• **PROVIDED MATERIAL**
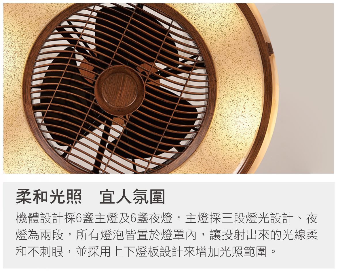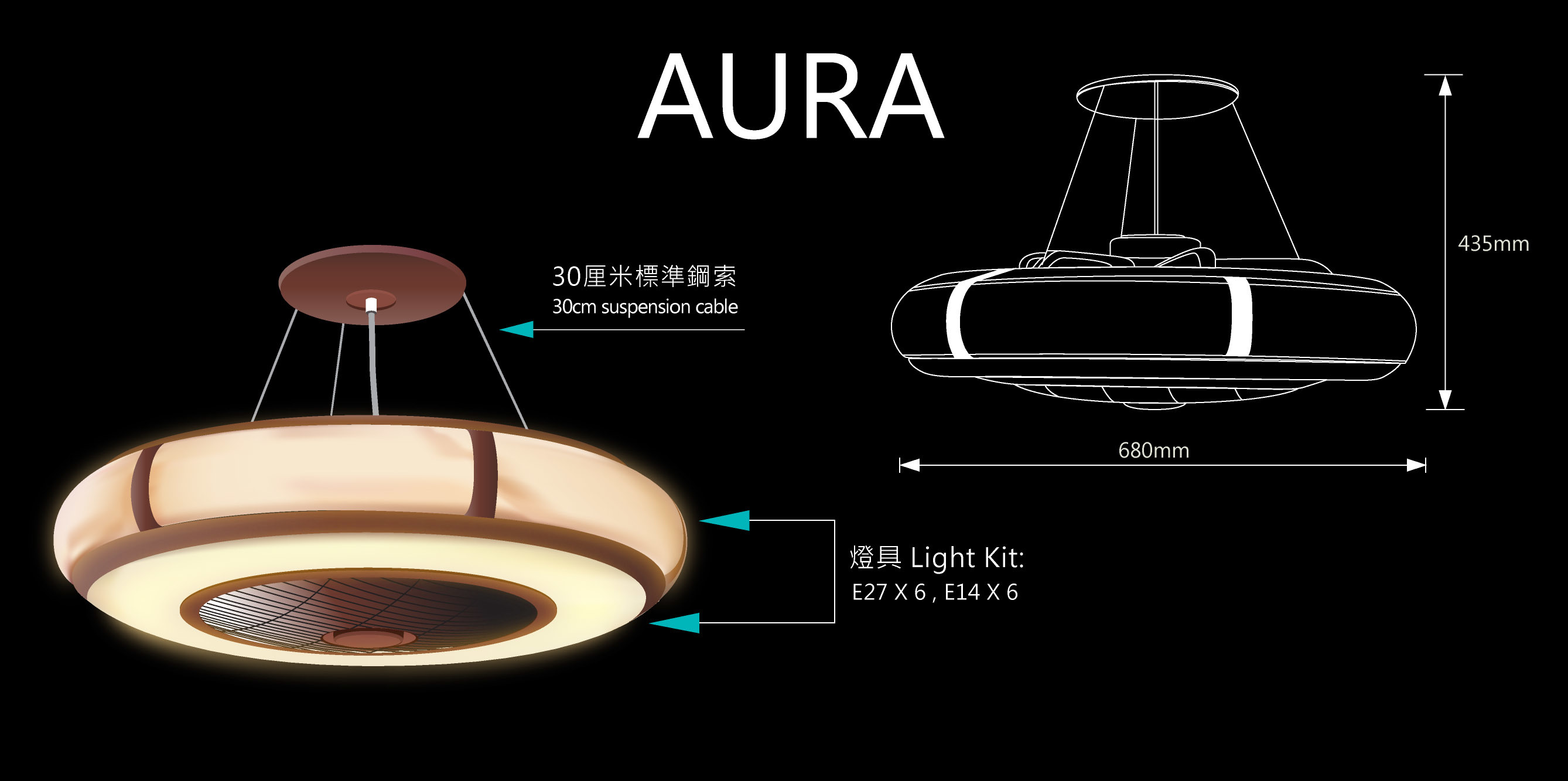 Designed for Living room & Bedroom Model : Aura • Steel made cable for a quick installation and safety structure, can bear max.100 kg • Fan diameter of 26 inches with hidden blades, suitable for installation in small spaces • The body is designed with six main lights and six night lights • Use replaceable bulbs : E12 X 6 and E27 X 6 • Adjustable three airflow speeds • Rotating wheel to bring the wind over the space |
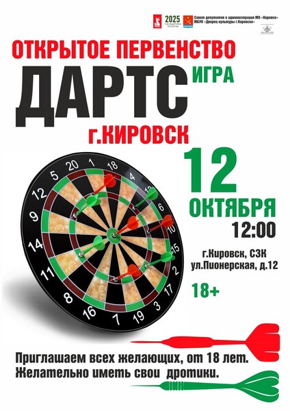 12 октября в Спортивно-зрелищном комплексе города Кировска пройдёт Открытое первенство по дартсу. Начало в 12:00.
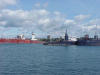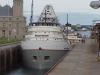 Soo Locks Sept. 2001 Photos: Buckeye - The first ship of the day when I arrived at Mission Point Courtney Burton, Saginaw & Daviken - Upbound below Mission Point Courtney Burton - Upbound at Mission Point Saginaw & Daviken - Looking down river at Rotary Park (Mission Point) Daviken - Upbound at Mission Point Daviken & Sugar Islander II - Upbound Daviken passes ahead of the ferry Vlieborg & Daviken - The Vlieborg leaves the MacArthur Lock while the Daviken awaits the Poe with the tanker Algonova in the background Saginaw - Entering the MacArthur Lock - Algonova in background Saginaw has been raised 21- feet and is ready to depart, headed for Lake Superior Saginaw - A view from outside the fence at the Soo Locks at ground level Saginaw & Le Levant - The upbound Saginaw passes the French Cruise Ship above the Soo Locks Daviken & Mesabi Miner - Meanwhile, the upbound Daviken sets to pass the downbound 1004-footer Le Levant - The French Cruise Ship at West Pier above the Soo Locks Saginaw & Mesabi Miner - The upbound Saginaw is next to pass the Mesabi Miner Canadian Venture, Saginaw & Mesabi Miner - From left to right Mesabi Miner - The 1004-foot-long ship downbound at West Pier Canadian Venture - downbound at West Pier with a beautiful sunset as a backdrop Dobrush - The saltie upbound in the lower St. Marys River Rubin Lark - Downbound in the Lower St. Marys River as evening falls Soo Canada & Algoma Steel Mill - A city and Industry at work George A. Stinson - The 1004-foot-long Stinson downbound with the International Bridge in the background Sarah Spencer/Jane Ann IV - The tug/barge downbound in the Poe Lock Chief Shingwauk - Lock Tours Canada tour boat with Canadian Soo in the background Sarah Spencer & Great Lakes Trader - The two tug/barge units meet each other in the Lower St. Marys River Joyce L. VanEnkevort & Jane Ann IV - The 2 tugs of the tug/ barge units - Joyce L. VanEnkevort pushing the Great Lakes Trader and the Jane Ann IV pushing the Sarah Spencer meet in the lower St. Marys River Great Lakes Trader - Passing salmon fishermen in the lower St. Marys River John G. Munson - Downbound above West Pier in the Upper St. Marys River Lee A. Tregurtha & Great Lakes Trader - The Lee A. Tregurtha (foreground) passes the upbound Great Lakes Trader Ojibway & John G. Munson - The US Steel supply boat, Ojibway, loads fresh supplies on board the freighter Ojibway - Close-up of the Supply Boat loading supplies on board the freighter John G. Munson - A youngster pauses fishing to check out the freighter near Mission Point Canadian Navigator - upbound in Lower St. Marys River Lee A. Tregurtha - Downbound at Mission Point Lee A. Tregurtha - Began her career as a WWII oil tanker before being converted for Great Lakes use. Here she shows off her battle ribbons from WWII. Algosteel & Lee A. Tregurtha - The upbound Algosteel (foreground) passes the Lee A. Tregurtha below Mission Point Algosteel - Upbound at Mission Point Two Seagulls - Staking out their territory at Rotary Park, while a third stands guard Cason J. Callaway nearing Mission Point Cason J. Callaway & Sugar Islander II - The freighter passes ahead of the ferry Catherine Desgagnes - The bulk freighter downbound at Mission Point with a load of grain Catherine Desgagnes & Mapleglen - The downbound Catherine Desgagnes meets the upbound Mapleglen below Mission Point Mapleglen - near Mission Point headed for Lake Superior and a load of grain Indiana Harbor - The 1000-foot-long Indiana Harbor downbound at Mission Point Indiana Harbor - Heading downbound past Mission Point Soo Park barricade - A grim reminder of what happened on Sept. 11, 2001...increased security at the Soo Locks Frontenac The freighter appears out of the early morning mist Frontenac - Early morning fishermen watch as the freighter eerily slides past Frontenac - Another look at the bow of the freighter in the mist Frontenac - Leaving the mist and preparing to enter a clear Poe Lock Edwin H. Gott - The 1004-foot-long freighter preparing to enter the Poe Lock Edwin H. Gott - Just about in the Poe Lock James R. Barker - The 1004-foot-long James R. Barker upbound at Mission Point Ojibway & James R. Barker - The supply boat brings supplies to the upbound James A. Barker |
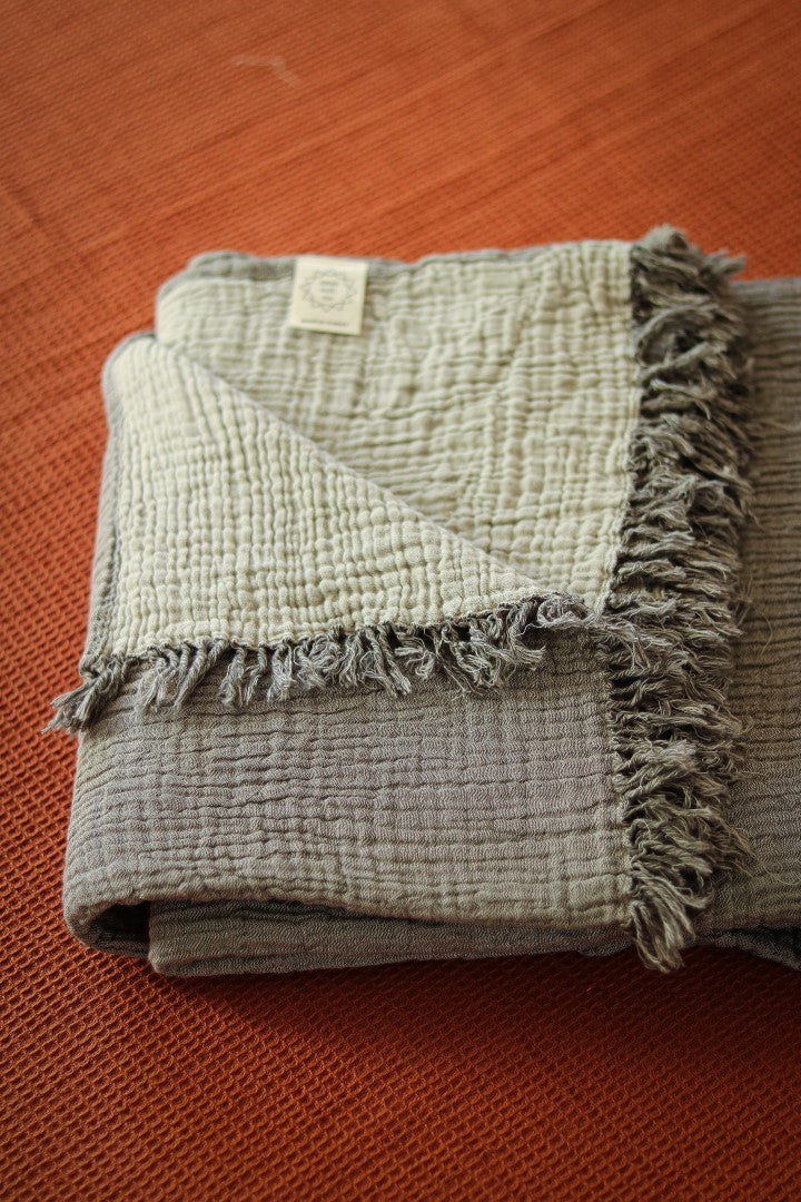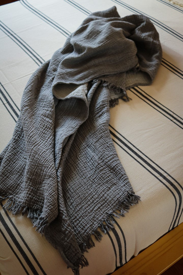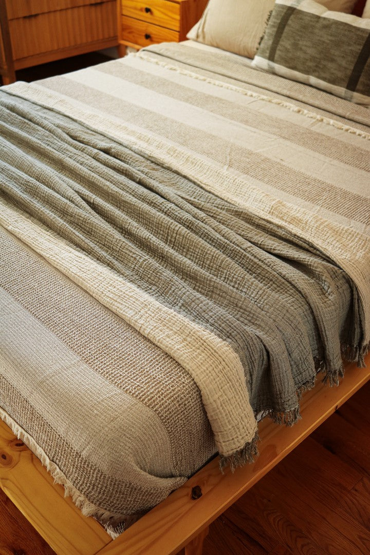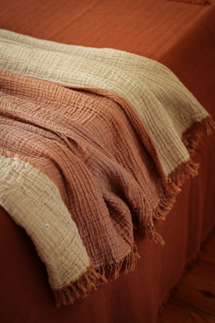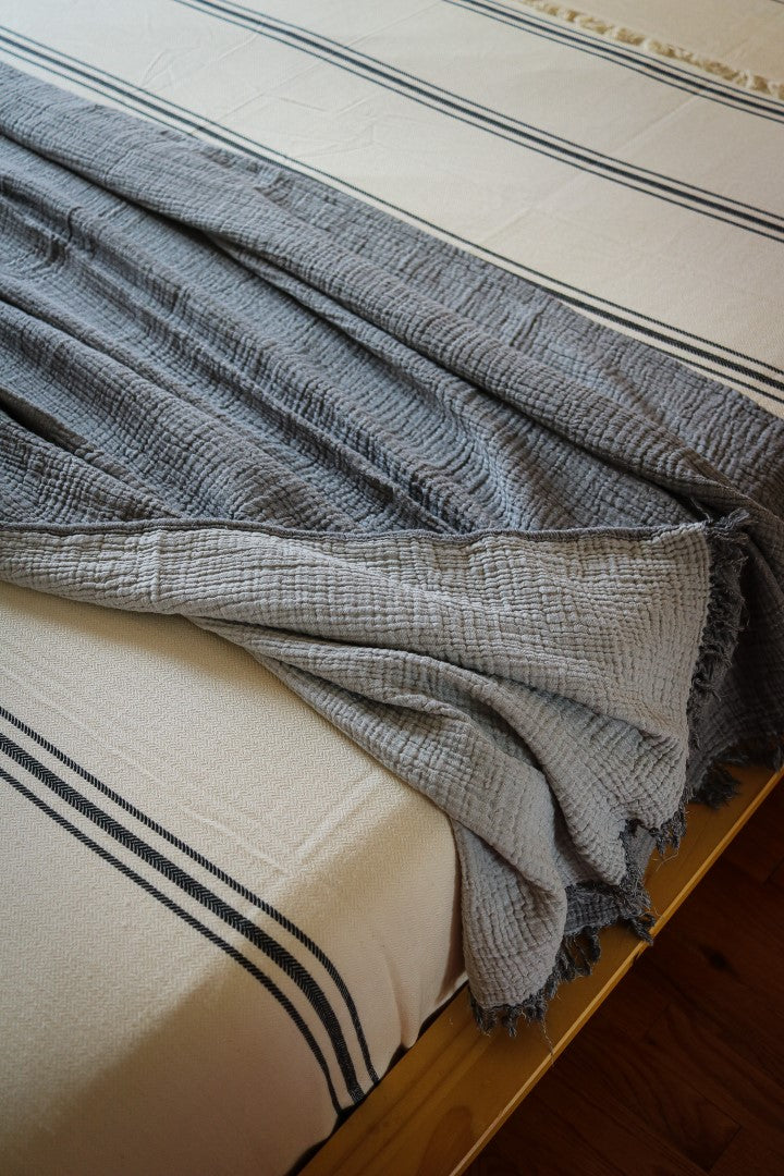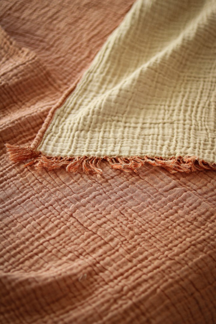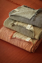 Experience the unmatched softness of The 'Crinkle' Reversible Muslin Throw, a lightweight piece defined by its delightful, cloud-like texture and gentle color story. Woven from a multi-layered, pure cotton gauze, Crinkle offers superb breathability and cozy comfort without the weight.

• **WHAT TO WORK ON**
Pictures excluded, repeat exactly the lines from the top of the material through the line with "12 октября в", including both of those lines.

• **RESPONSE TO THIS TASK**
 Designed for Living room & Bedroom Model : Aura • Steel made cable for a quick installation and safety structure, can bear max.100 kg • Fan diameter of 26 inches with hidden blades, suitable for installation in small spaces • The body is designed with six main lights and six night lights • Use replaceable bulbs : E12 X 6 and E27 X 6 • Adjustable three airflow speeds • Rotating wheel to bring the wind over the space |
 12 октября в Спортивно-зрелищном комплексе города Кировска пройдёт Открытое первенство по дартсу. Начало в 12:00.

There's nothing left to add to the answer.